You have full access to this open access chapter, Download conference paper PDF
Similar content being viewed by others
Keywords
- Hyperconnected world
- Machine learning
- Metalearning
- Data mining
- Intelligent transportation systems
- Collaborative data analysis
1 Introduction
Hyperconnectivity is used to define the interconnectedness of people, organizations, and objects which result from different technology innovations like the Internet, mobile technology and the Internet of Things (IoT) [1]. The hyperconnectivity exists not only in the communication between people but also in the connectivity of cars [2]. In addition, to make the travel and transportation more efficient and more comfortable, the hyperconnectivity is the main driver of innovation [3].

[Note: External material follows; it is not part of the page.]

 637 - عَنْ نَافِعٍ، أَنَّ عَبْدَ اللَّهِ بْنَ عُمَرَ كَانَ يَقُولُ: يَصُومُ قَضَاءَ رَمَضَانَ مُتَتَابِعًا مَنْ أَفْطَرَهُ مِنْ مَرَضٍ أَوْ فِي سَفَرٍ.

On the other hand, the transportation system is clearly overloaded by congestion in the major cities. For example in the city center of London, the average speed of cars is 14 km/h [4] while the car’s speed in the city center of Moscow is around 6 km/h [5]. Positively, this can be an opportunity to improve interconnectedness of cars in the city environment. These cars can be parts of the communication infrastructure for the Intelligent Transportation Systems (ITS) and also offer various opportunities for gathering data about a city by continually sensing events from streets and process sensed data.
Therefore, utilizing vehicular networks as an infrastructure for urban sensing is a cost-efficient way of deploying an urban monitoring system without actually deploying connected sensors [6] (Fig. 1 shows a snapshot of the communication between moving cars within the city of Porto). Vehicles typically do not have energy constraints. Therefore, cars can be equipped with powerful wireless transmitters, processing units, and sensing devices (vibration sensors, GPS, video cameras, detectors, acoustic detectors, car sensors, etc.).

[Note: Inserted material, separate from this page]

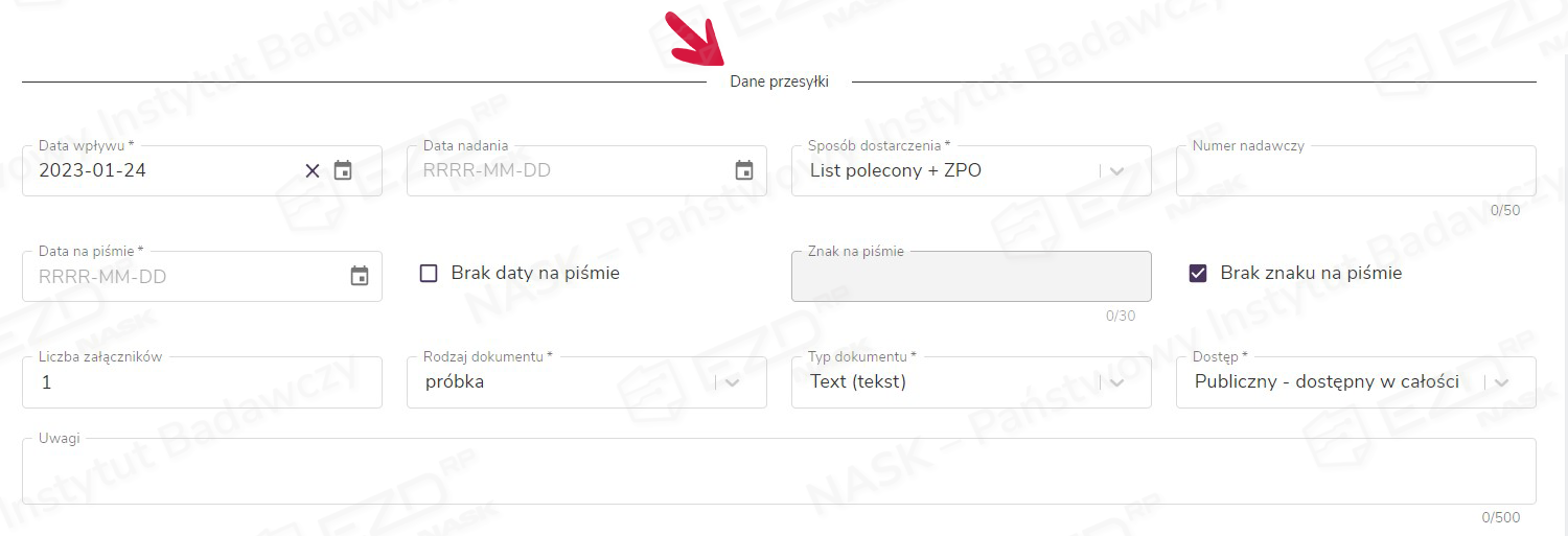 Na metadane opisujące przesyłkę wpływającą składają się m.in. dane, które możemy odczytać z przesyłki (np. data nadania, imię i nazwisko lub nazwa nadawcy), sposób jej dostarczenia, typ dokumentu, liczba załączników itd. Każda przesyłka otrzymuje w systemie EZD RP automatycznie nadany identyfikator, unikatowy w całym zbiorze przesyłek wpływających, określany jako numer z rejestru prowadzonego dla danego roku kalendarzowego dla przesyłek wpływających. Zestaw metadanych i ich wymagalność określa załącznik do instrukcji kancelaryjnej, dostępny na stronach gov.pl – link do pobrania (plik PDF, Rozmiar: 6 MB).

A snapshot showing exchanged messages between taxis in the city of Porto [18]
Thousands of cars which are networked together using wireless communication are able to connect us to a seemingly unlimited data gathered from the city environment. The gathered data can be processed and visualized live, enabling monitoring activities (Fig. 1) and better decision making. However, this data can also be serve as the basis for predictive models that can be an informative tool for the decision support systems one step further. Given the availability of the massive amount of data which is geographically distributed, data mining approaches are being used to obtain models for all parts of the city that are integrated into ITS applications [7–14].
One of the interesting examples of ITS applications is the prediction of trip duration for public transportation [15–17]. Knowing the prediction of trip duration beforehand can be very instructive for taxi companies, passengers, and drivers to make the right decision for the route planning and scheduling by using the data collected about the taxi’s trips by each taxi. Figure 1 shows a snapshot of exchanged messages between taxis in the city of Porto.
Machine learning algorithms by using the data collected by taxis relate the trip duration to several data features which describe the trip like the time of the trip, origin, destination, the weather, and the week’s day. The prediction of duration of the trip may vary from one taxi to another, due to differences in the taxi usage, the brand of the vehicle, the driving habits, and the route.
In addition, taking advantage of the massive amount of gathered data, the possibility of having a more specific model for an individual taxi instead of a global model for all taxis in the traditional data mining approaches is a reality in the current hyperconnected transportation system.
However, this is not true for all taxis due to the lack of existence of enough data for creating an accurate model for all taxis. For example, in a sparse area of the city, like the area indicated in Fig. 1 with a circle, only a few observations is available for modeling. In this case, a collaborative data modeling would be a good solution to improve the quality of the model by using the data from other sources. The previous results [19, 20] confirm that there is potential in sharing data in the process of learning local models. For the prediction of the trip duration, different taxis can use different data like taxi’s data, data from taxi’s neighbors, data collected at the roadside unit, or the data which is collected throughout the city (different dimensions). Further, collaborative data modeling may improve the quality of the prediction in the cost of data communication.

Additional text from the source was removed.